Kata “rupa” tetap menggunakan kata “Morfe” yang menunjukkan kesungguhan dari kedudukan-Nya sebagai hamba dan menjadi sama dengan manusia. Kekeristenan percaya bahwa Yesus Kristus adalah manusia yang sejati. Ia seratus persen manusia seutuhnya. Ia bukan manusia jadi-jadian. Ia juga bukan manusia setengah dewa. Tetapi Ia sungguh-sungguh menusia seutuhnya. Namun ada sesuatu yang lebih di sini, yaitu Kristus “menjadi sama dengan manusia.” Maksudnya adalah dalam Keilahian-Nya, Kristus kini mengambil rupa manusia, menjadi sama dengan manusia dan dalam keadaan sebagai manusia, Ia sungguh dan sepenuhnya manusia. Mendapat bagian dalam darah dan daging kita. Tampil dalam kodrat dan kebiasaan manusia dan Dia mengambil kodrat manusia dengan sukarela. Itu merupakan tindakan-Nya sendiri dan dilakukan dengan persetujuan-Nya sendiri.
Saudara, Kita tidak dapat berkata demikian mengenai bagian kita dalam kodrat manusia. Di sini Ia mengosongkan diri-Nya sendiri, melepaskan diri dari kehormatan dan kemuliaan dunia atas serta dari keadaan-Nya yang sebelumnya untuk mengenakan pada diri-Nya sendiri kain kotor berupa kodrat manusia.

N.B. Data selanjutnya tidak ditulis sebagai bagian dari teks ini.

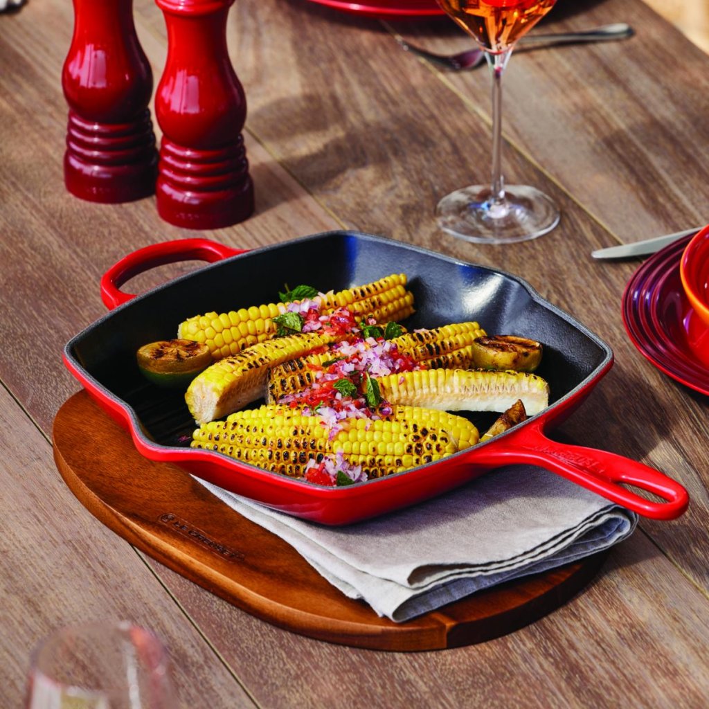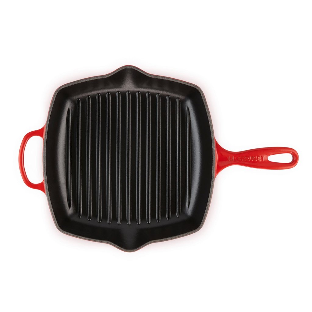 - De vierkante gietijzeren grilpan Le Creuset in de kleur CERISE is ideaal voor het snel stoven van vlees, vis en groenten, waarbij de smaak en sappigheid behouden blijven.

Jadi saudara, walaupun Ia tetap benar-benar Ilahi, namun sekarang Kristus mengambil sifat manusia dengan segala pencobaan, kehinaan dan kelemahannya, hanya bedanya adalah Ia tanpa dosa. Berbeda dengan Adam pertama, yang melakukan tindakan sia-sia untuk mencapai kesetaraan dengan Allah (Kejadian 3:5), Yesus sebagai Adam yang terakhir (1 Korintus 15:47), Ia merendahkan diri-Nya dan di dalam ketaatan-Nya Ia menerima peran sebagai hamba yang Menderita. Sehingga Ia mempersembahkan ketaatan yang tak bercacat dan sempurna kepada Bapa di pihak orang-orang yang terkait dengan-Nya oleh iman.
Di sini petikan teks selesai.